### [Aim of the exercise]
From the line containing "This paper refines" through the last line of the records below, output every line exactly as it appears, but leave out the pictures.

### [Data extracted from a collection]

────

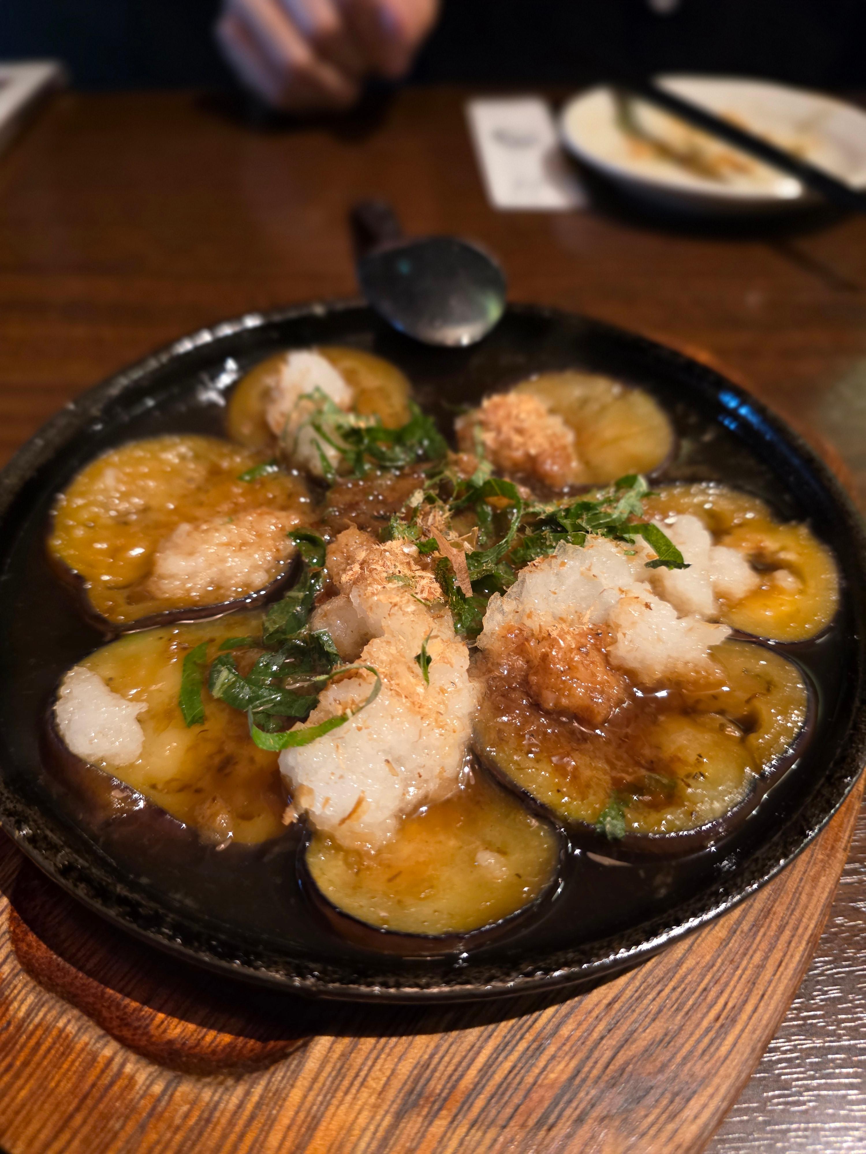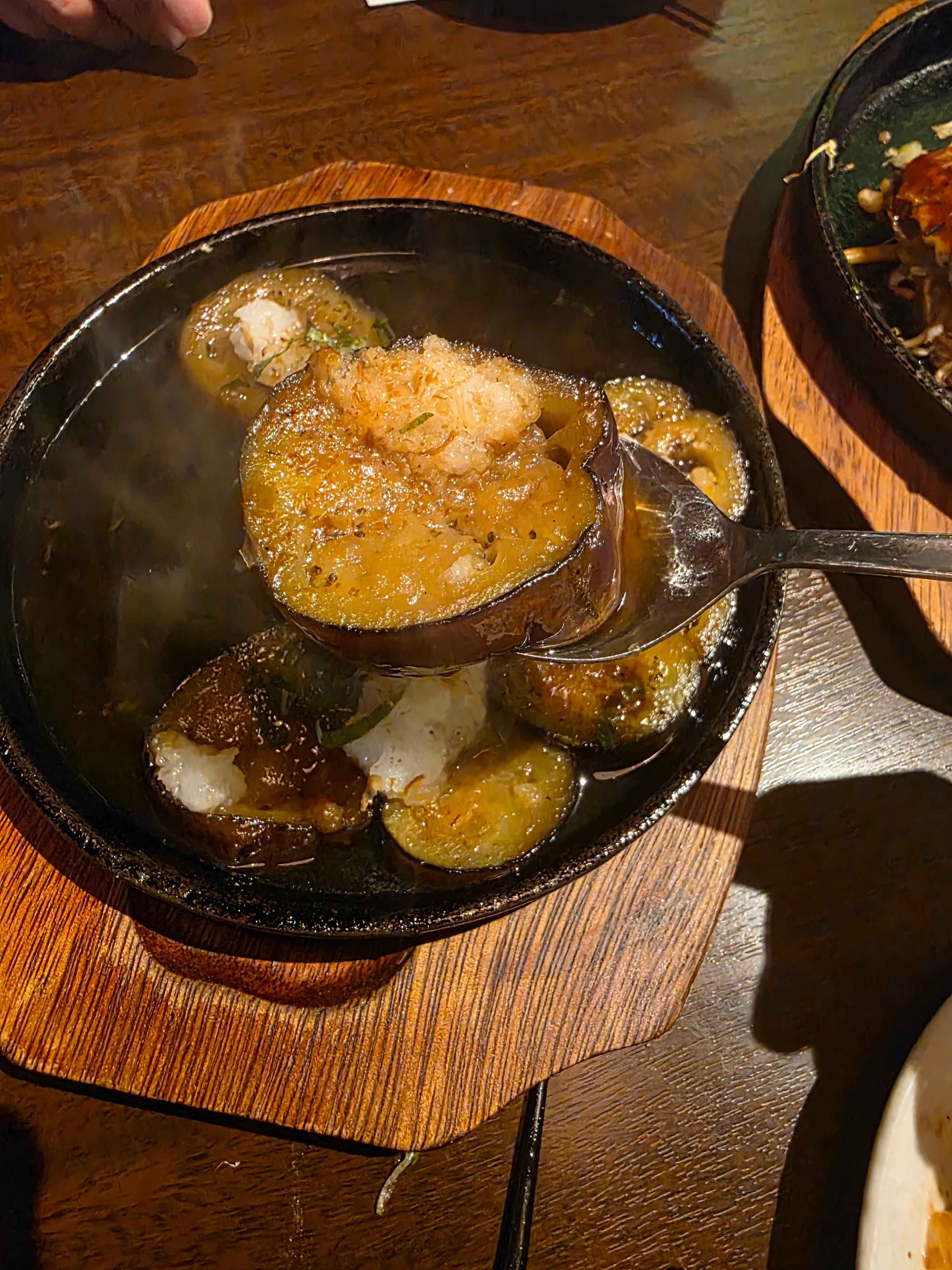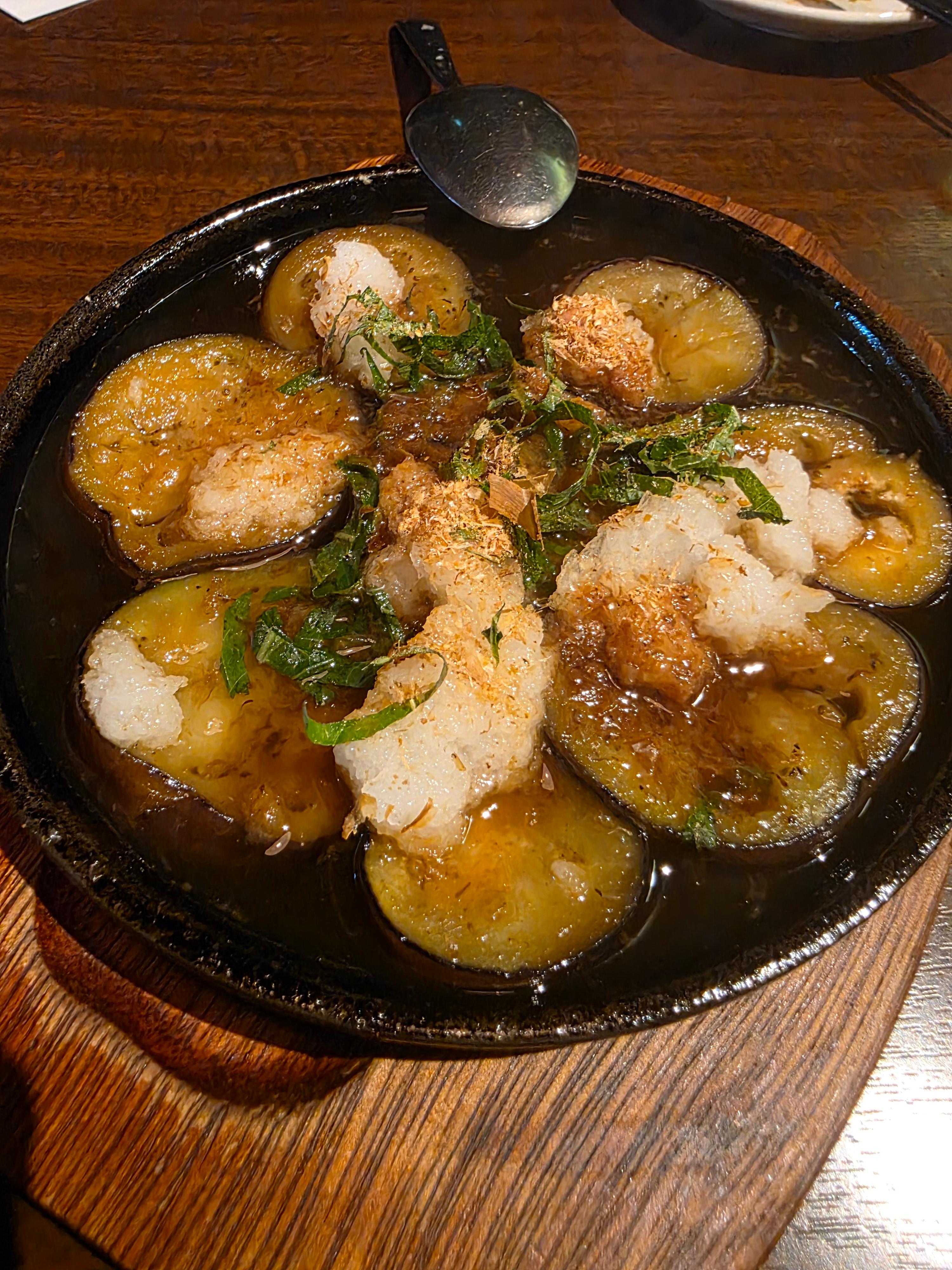 이곳의 가지튀김은 따끈한 국물 속에 담겨 있는 독특한 스타일이었어요.
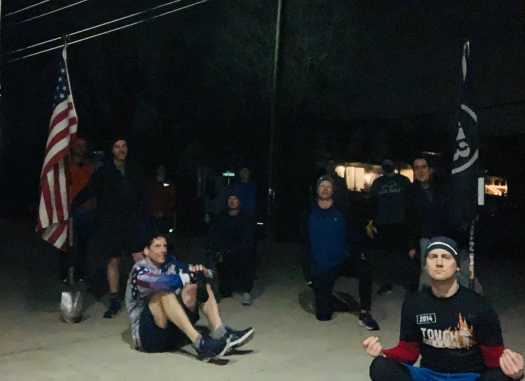The Thang: Mosey from Field to Arena via Yorktown Boulevard to get that hill in. Find a spot on the wall for Step Ups x10 straight into Derkins x10 – five sets. Mosey toward basketball court with a quick ~50 yard Bearcrawl break. Mosey to gym entrance, find a spot along the railing for Aussies x10 straight into Merkins x10 – five sets. Mosey back to the arena and back to that wall for Dips x30 followed by Air Squats x30. Mosey on back toward the basketball court with a ~50 yard Crab Walk thrown in. Line up along the b-ball court sidelines for Shoulder Taps x10 straight into Mountain Climbers x10 – five sets. Mosey to the field for Burpee / Jump Squat pyramid concluding with 11 Burpees for total of 66 toward your daily goal. Between the moseying, mountain climbing and pyramid, YHC’s watch tracked 1.9 miles of travel.
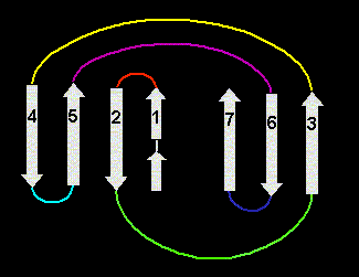| Figura 6: greek-key β-sandwich de la part inferior (encerclada en verd en la figura 3). A l'esquerra imatge estructural, a la dreta, diagrama topològic. Es pot veure que, com en el cas anterior, queden dues làmines β (greek-keys) enfrontades formant un sandwitch, una composta per les cadenes 1, 2, 4, 5; i l'altre per les cadenes 3, 6, 7.
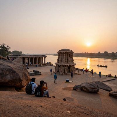 - Avond: Als de hitte zakt is nergens de zonsondergang zo episch als vanaf Matanga Hill of Hemakuta Hill; kies of je de klim maakt voor een panoramisch uitzicht en stilte, of rustig aanschuift bij een rooftop in Hampi Bazaar voor een diner met lokale gerechten en reizigersverhalen. Voor wie liever een alternatieve vibe zoekt, sluit je aan bij een riverside camp voor een kampvuur, livemuziek en sterrenkijken of blijf je vroeg terug in je hotel om foto's te sorteren en op te laden voor morgen. Het nachtleven is basic maar gezellig; er zijn paar backpacker-bars en informele jamsessies waar plannen voor de volgende dag ontstaan.
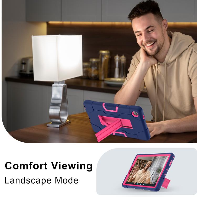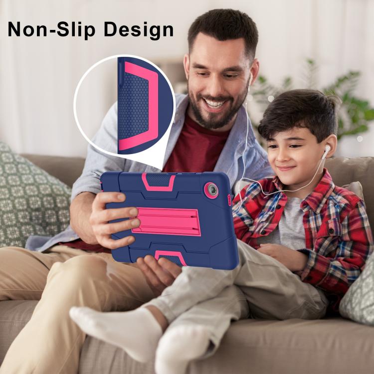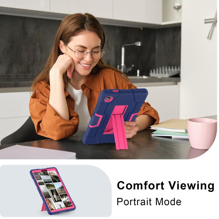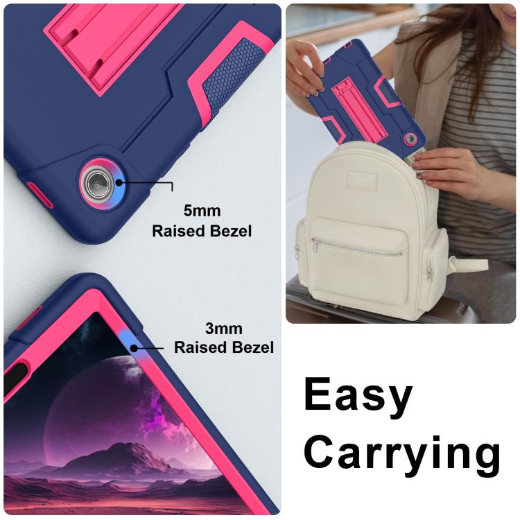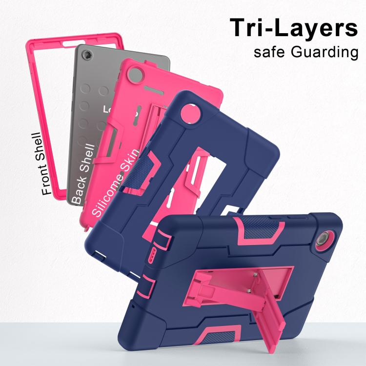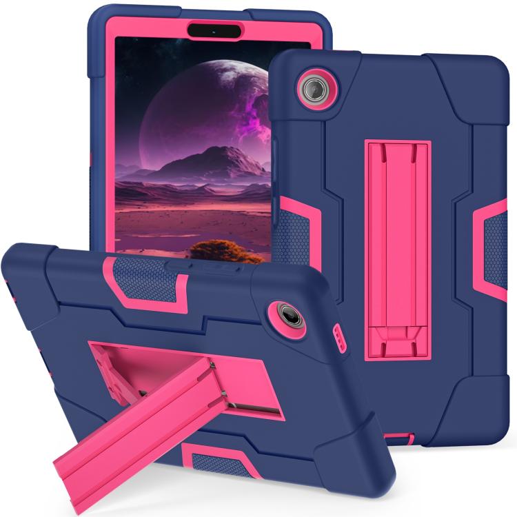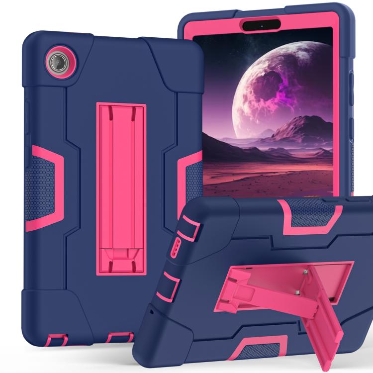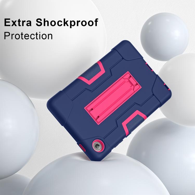 For Lenovo Tab K9 / Tab One Contrast Color Silicone PC Tablet Case with Holder(Navy Blue + Rose Red)
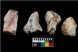 | Description / विवरण | There are n 4 of utilized worked cores. There are multi directional irregular dominant scar pattern on both dorsal and ventral side. They are tapering at one end and have sharp edges. |
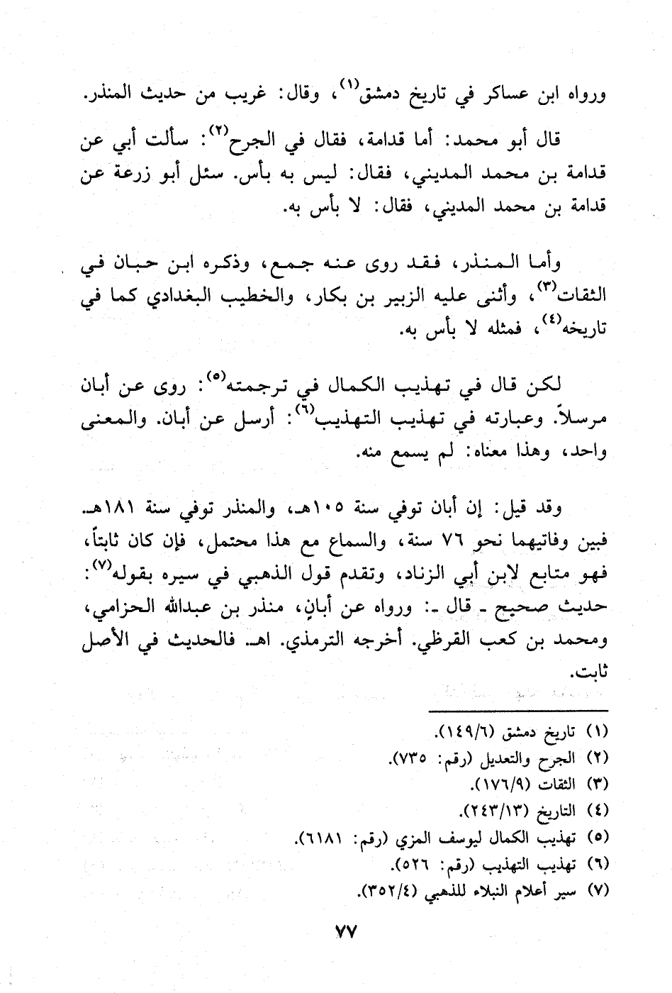 وقد قيل إن أبان توفي سنة 105هـ، والمنذر توفي سنة 181هـ. فبين وفاتيهما نحو 76 سنة، والسماع مع هذا محتمل، فإن كان ثابتًا، فهو متابع لابن أبي الزناد، وتقدم قول الذهبي في سيره بقوله: (¬7) حديث صحيح - قال - ورواه عن أبان منذر بن عبد الله الحزامي، ومحمد بن كعب القرظي.
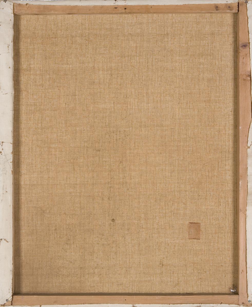 In den Ecken kleinere Farbabplatzer, in einer Ecke Leinwand-Loch, rückseitig unten kleiner Flicken.
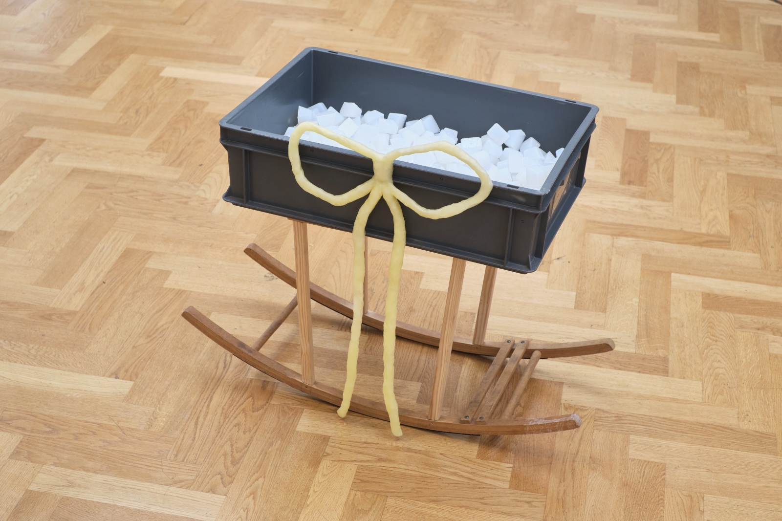 Materiaal: hout, krat, was, siliconen.
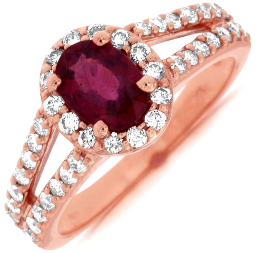 1.55CT DIAMOND & AAA RUBY 14KT ROSE GOLD 3D OVAL & ROUND HALO ENGAGEMENT RING
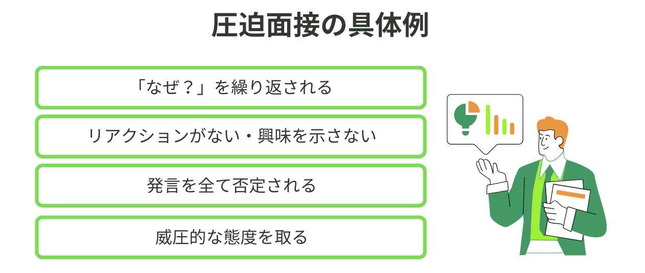 圧迫面接にはいくつかの一般的なパターンが存在します。主なパターンは以下の通りです:
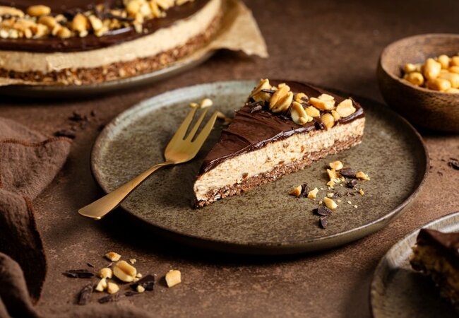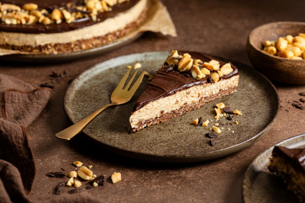 Schoko-Erdnusscheesecake mit Müsliboden (No-Bake)
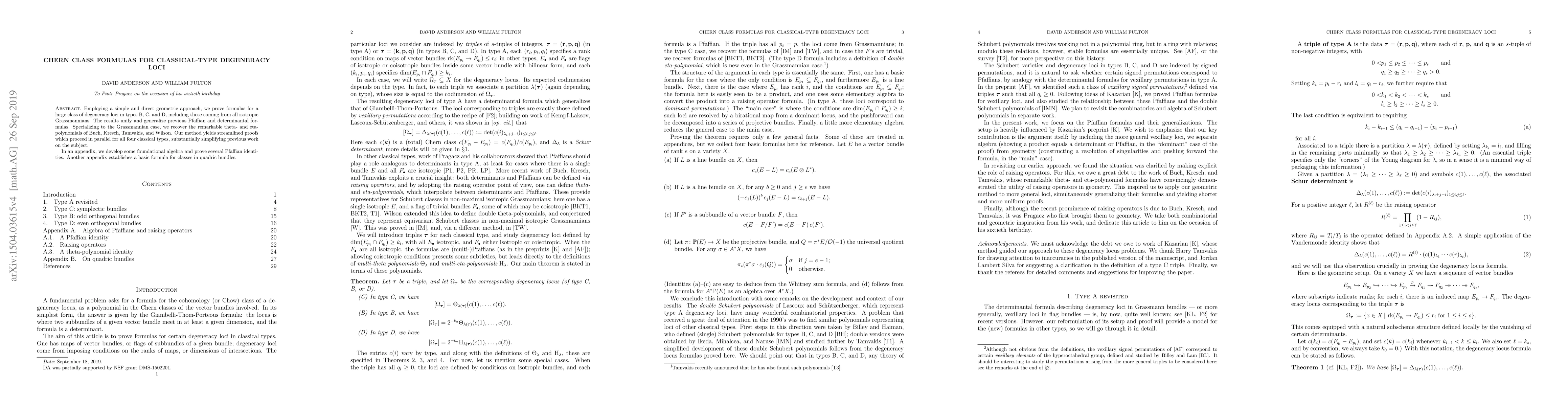 This paper refines a geometric method to derive Chern class formulas for a broader class of degeneracy loci, including those from isotropic Grassmannians, yielding simplified proofs for classical types B, C, and D. The approach recovers theta- and eta-polynomials and includes foundational algebra and Pfaffian identities in appendices.
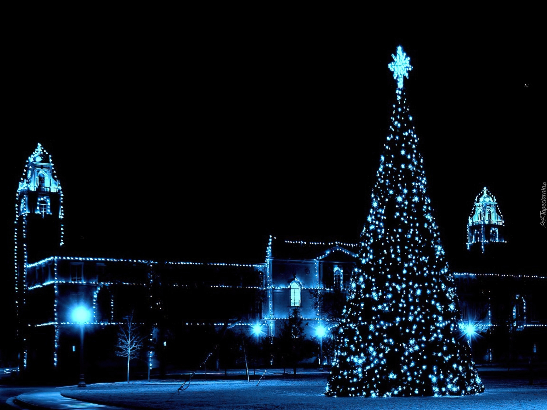 Edytor tapety: Niebieska, Choinka, Dom
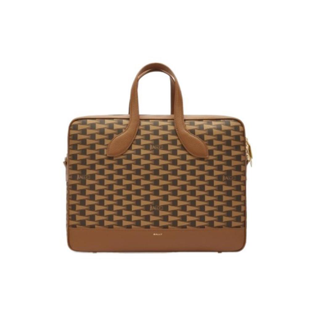 Bally Letter Logo Triangle Flag Print Zipper Leather Shoulder Crossbody Briefcase Men Bags Brown 6304548

────

### [Your response]
 This paper refines a geometric method to derive Chern class formulas for a broader class of degeneracy loci, including those from isotropic Grassmannians, yielding simplified proofs for classical types B, C, and D. The approach recovers theta- and eta-polynomials and includes foundational algebra and Pfaffian identities in appendices.
 Edytor tapety: Niebieska, Choinka, Dom
 Bally Letter Logo Triangle Flag Print Zipper Leather Shoulder Crossbody Briefcase Men Bags Brown 6304548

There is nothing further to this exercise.